▶ _TRY IT_: Only the lines from the one containing "7-8월 기출고사 일정" through the last line of the data below belong in your answer, copied exactly and without pictures.

▶ _SUPPLIED INFORMATION_:
* * * * * * * * *

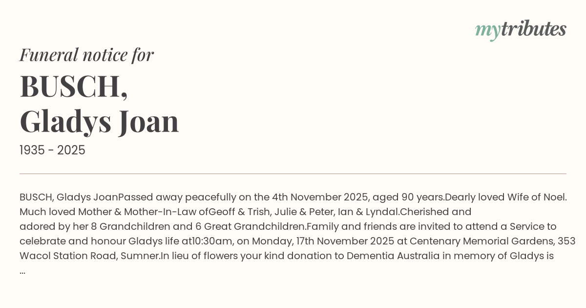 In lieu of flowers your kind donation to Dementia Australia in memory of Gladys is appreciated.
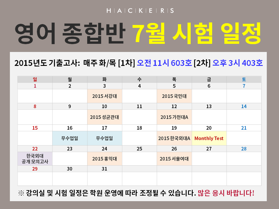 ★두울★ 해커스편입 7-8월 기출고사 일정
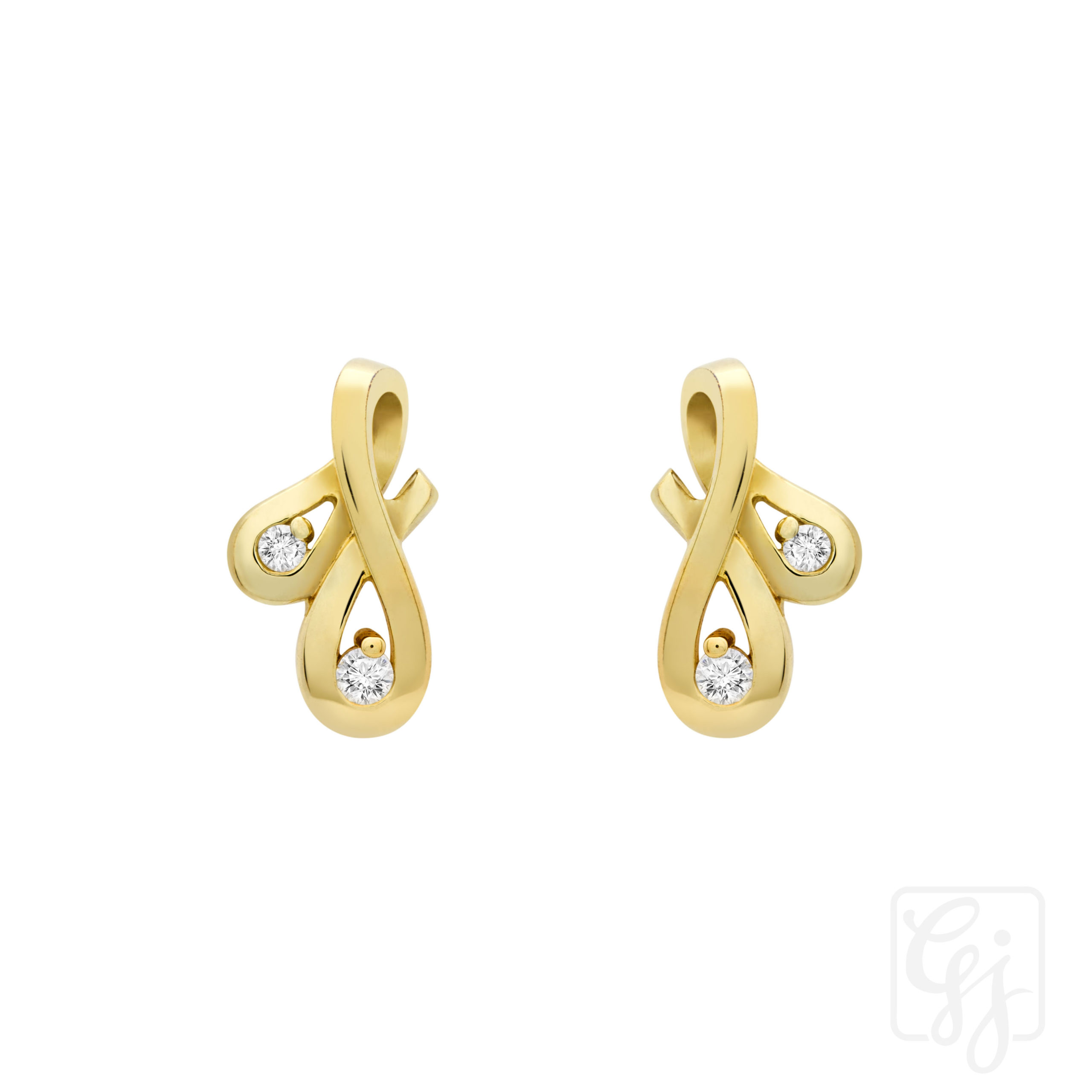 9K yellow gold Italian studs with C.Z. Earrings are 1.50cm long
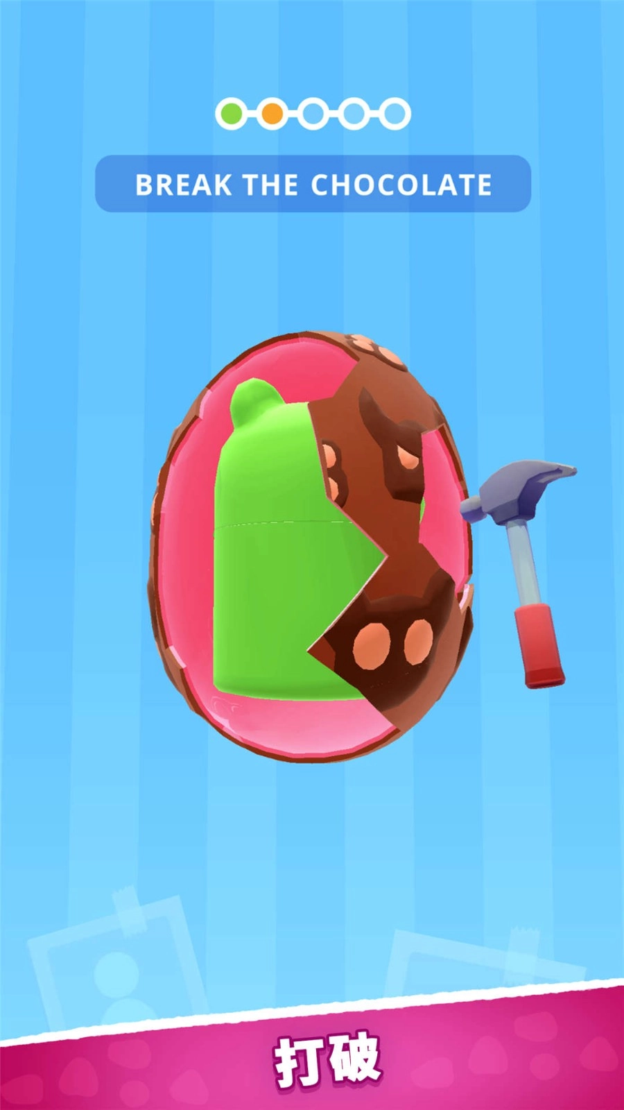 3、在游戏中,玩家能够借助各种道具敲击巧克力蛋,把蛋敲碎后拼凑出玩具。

* * * * * * * * *

▶ _EXPECTED ANSWER_:
 ★두울★ 해커스편입 7-8월 기출고사 일정
 9K yellow gold Italian studs with C.Z. Earrings are 1.50cm long
 3、在游戏中,玩家能够借助各种道具敲击巧克力蛋,把蛋敲碎后拼凑出玩具。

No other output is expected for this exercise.